=== Begin Enclosure ===

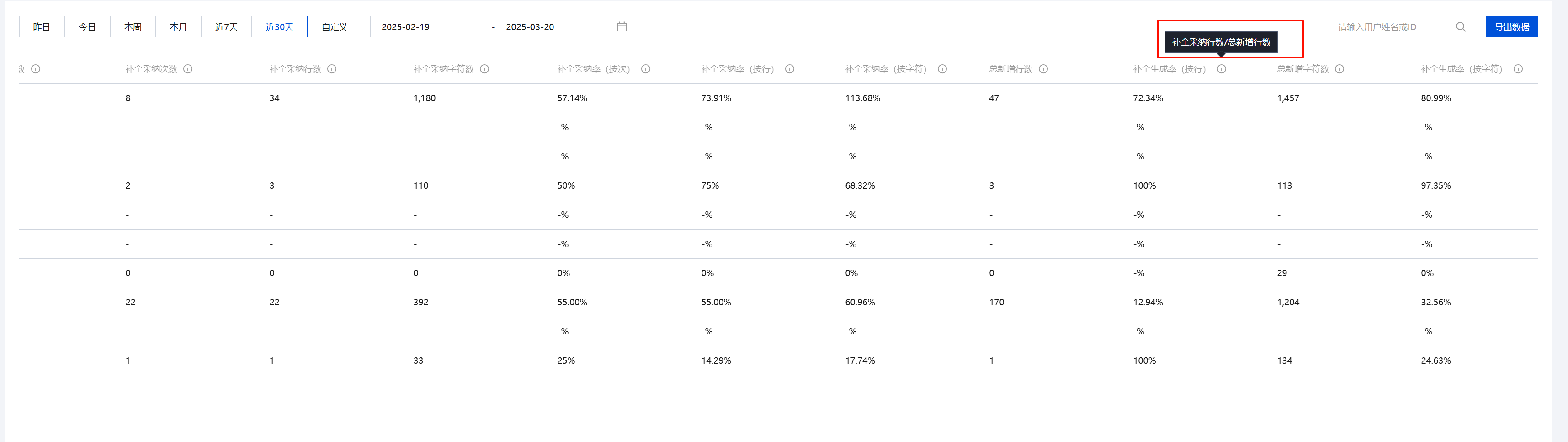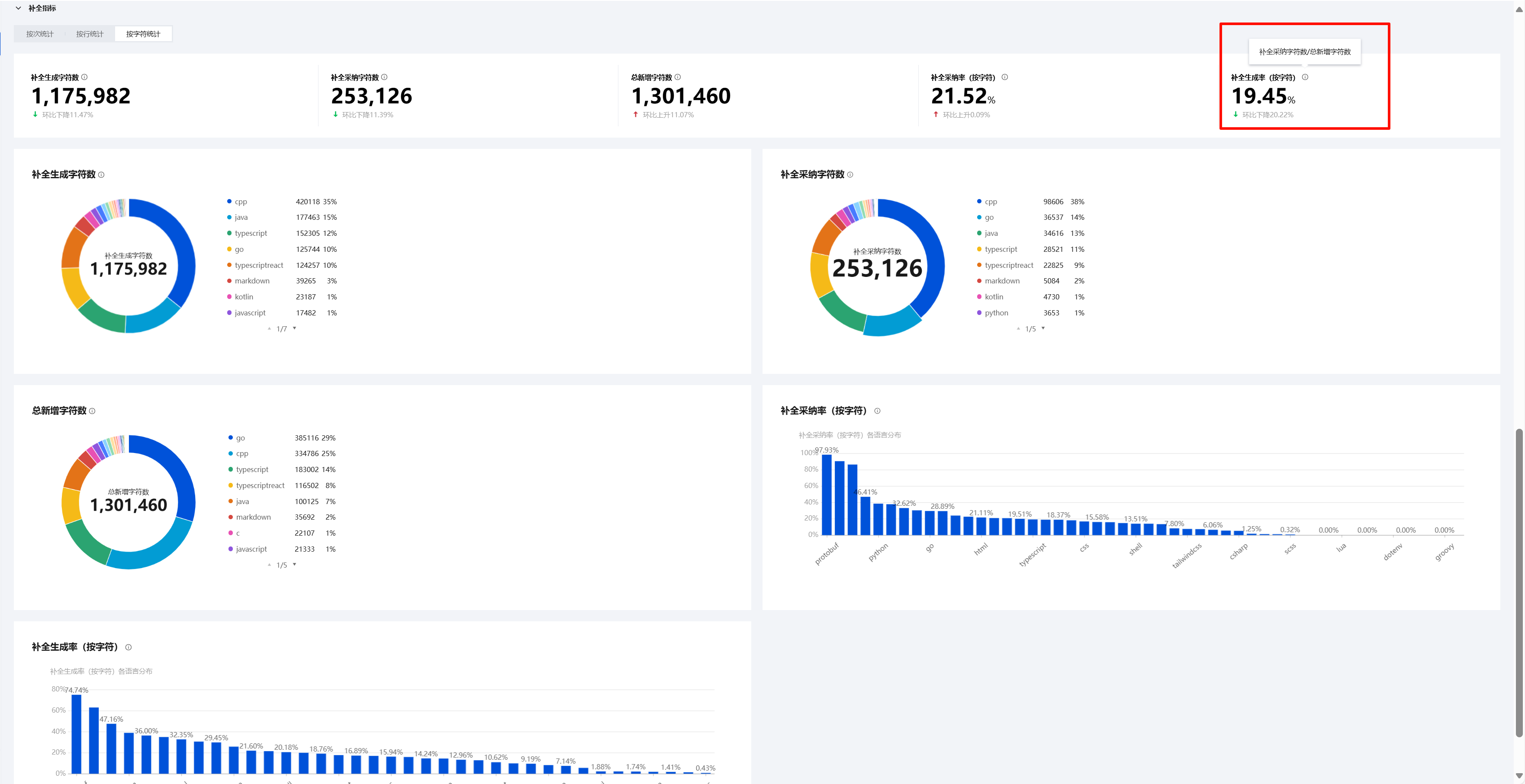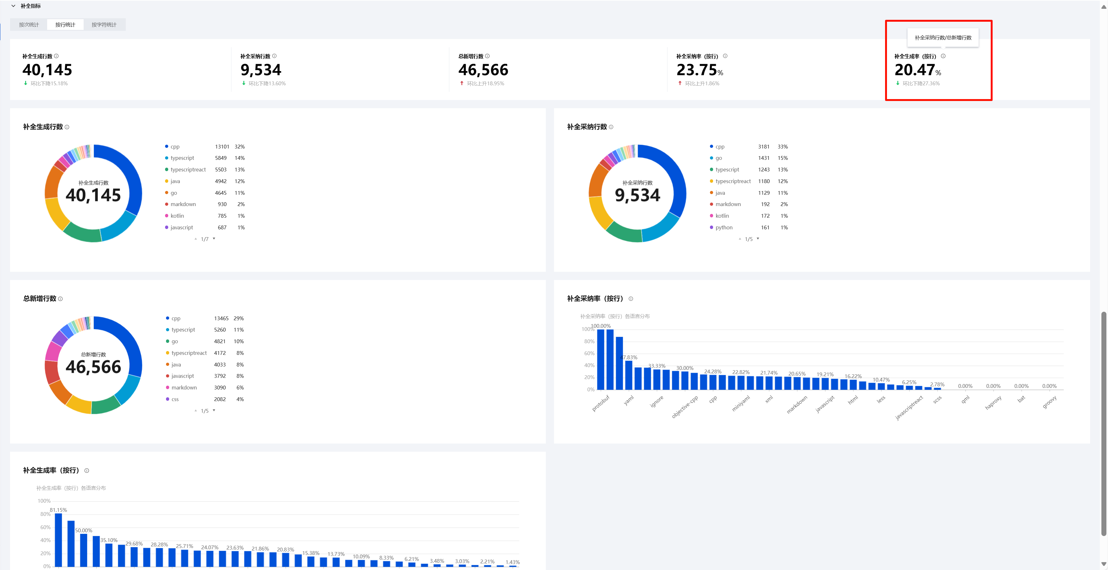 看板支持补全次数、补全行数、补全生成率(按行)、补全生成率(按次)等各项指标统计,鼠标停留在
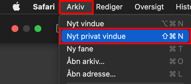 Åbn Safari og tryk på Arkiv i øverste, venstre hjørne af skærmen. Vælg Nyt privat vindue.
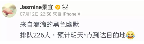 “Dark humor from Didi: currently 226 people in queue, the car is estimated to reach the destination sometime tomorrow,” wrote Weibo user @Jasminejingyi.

=== End Enclosure ===

__INSTRUCTIONS FOR THE TASK__
Reproduce all of the material exactly, apart from the pictures.

__YOUR RESPONSE__
 看板支持补全次数、补全行数、补全生成率(按行)、补全生成率(按次)等各项指标统计,鼠标停留在
 Åbn Safari og tryk på Arkiv i øverste, venstre hjørne af skærmen. Vælg Nyt privat vindue.
 “Dark humor from Didi: currently 226 people in queue, the car is estimated to reach the destination sometime tomorrow,” wrote Weibo user @Jasminejingyi.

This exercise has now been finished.